Why modern EqSat became practical
The egg work (POPL 2021) pushed EqSat from theory into an engineering-friendly toolkit:
- rebuilding: amortized invariant restoration for speed
- e-class analyses: attach domain analyses (e.g., type/range/constant info) directly in e-graph workflow
This matters because real optimizers need more than purely syntactic rewrites; they need semantic side conditions and analysis-aware pruning.
Where this works well (with evidence)
A) Tensor graph superoptimization (Tensat)
EqSat was used to optimize DL tensor graphs and reported:
- up to 16% runtime speedup over prior SOTA,
- about 48x less optimization time on average (vs compared approaches in that paper).
Takeaway: EqSat is not only elegant; it can win on both quality and compile-time in graph-optimization regimes.
B) DSP vectorization (Diospyros)
Diospyros pipeline uses:
- symbolic specification,
- EqSat rewrite engine,
- extraction to DSP intrinsic code.
Takeaway: EqSat is viable for low-level performance codegen, not just algebra simplification toys.
C) Datalog + EqSat unification (egglog)
egglog shows a useful direction when your optimizer needs:
- incremental execution,
- cooperating analyses,
- lattice/fixpoint reasoning,
- plus EqSat extraction.
Takeaway: for long-running or continuously updated optimization workloads, fixpoint-style systems can reduce ad-hoc glue code.

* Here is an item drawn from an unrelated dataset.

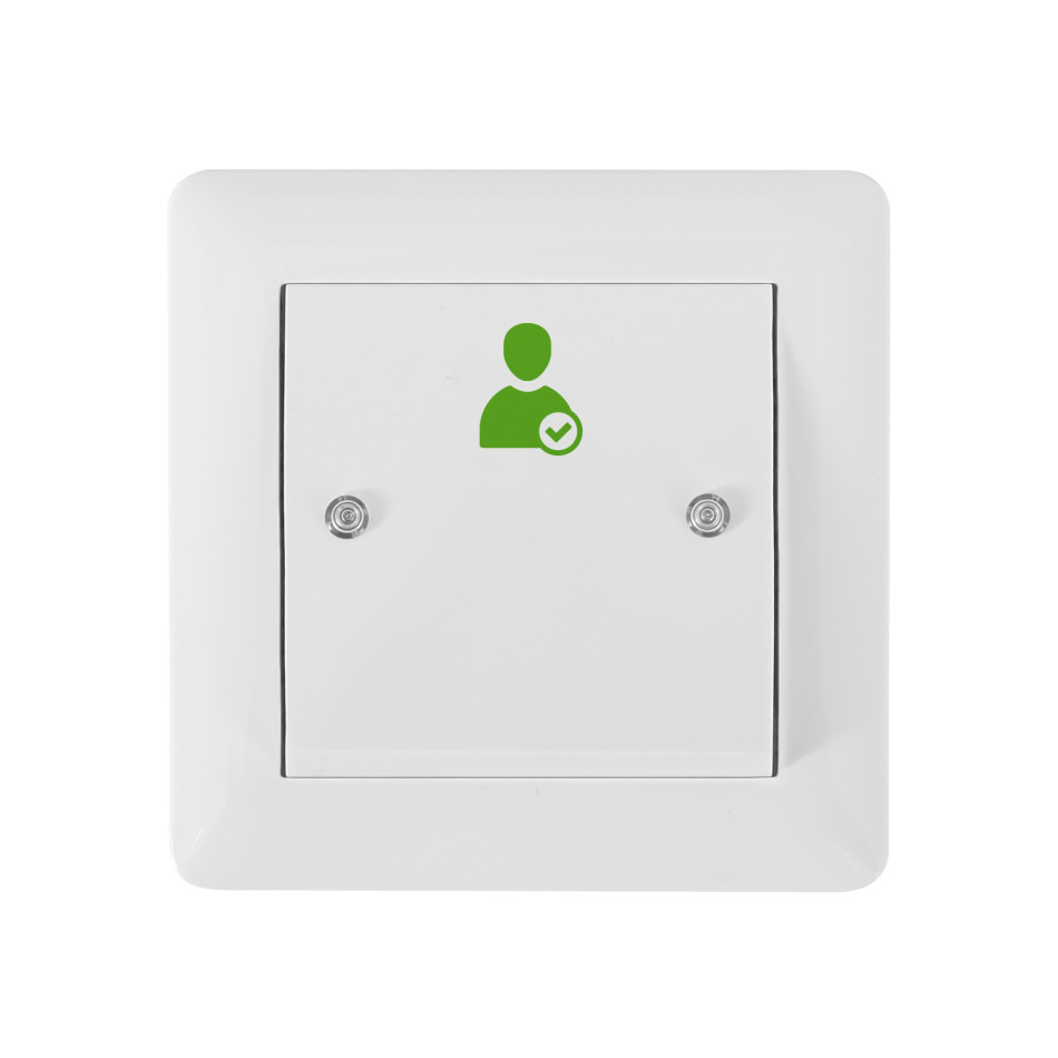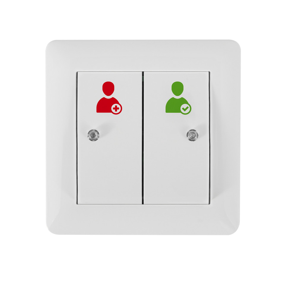 Przycisk tego typu umożliwia potwierdzenie obecności personelu lub/i skasowanie wezwań – zwykłych, pomocy i alarmów.

Practical architecture blueprint
1) IR boundary first
Before rewrites, decide the optimization IR:
- expression IR (math DSL, query algebra, tensor ops)
- graph IR (DAG-like compute graph)
- typed vs untyped nodes
Bad IR design sinks EqSat projects faster than bad rewrite rules.
2) Rule system with explicit safety contracts
Each rule should carry:
- pattern / replacement
- side conditions (types, no-overflow assumptions, non-zero divisors, monotonicity domains, etc.)
- validation tests (property-based and differential)
Do not put semantic assumptions only in comments.
3) Saturation controls
Use hard budgets from day one:
- max iterations
- max e-nodes / e-classes
- per-rule fire limits
- timeouts
EqSat can explode combinatorially; budget controls are product features, not temporary hacks.
4) Extraction objective
Use a multi-term cost function, e.g.:
[ J = w_1 \cdot \text{latency} + w_2 \cdot \text{memory} + w_3 \cdot \text{code size} + w_4 \cdot \text{risk penalty} ]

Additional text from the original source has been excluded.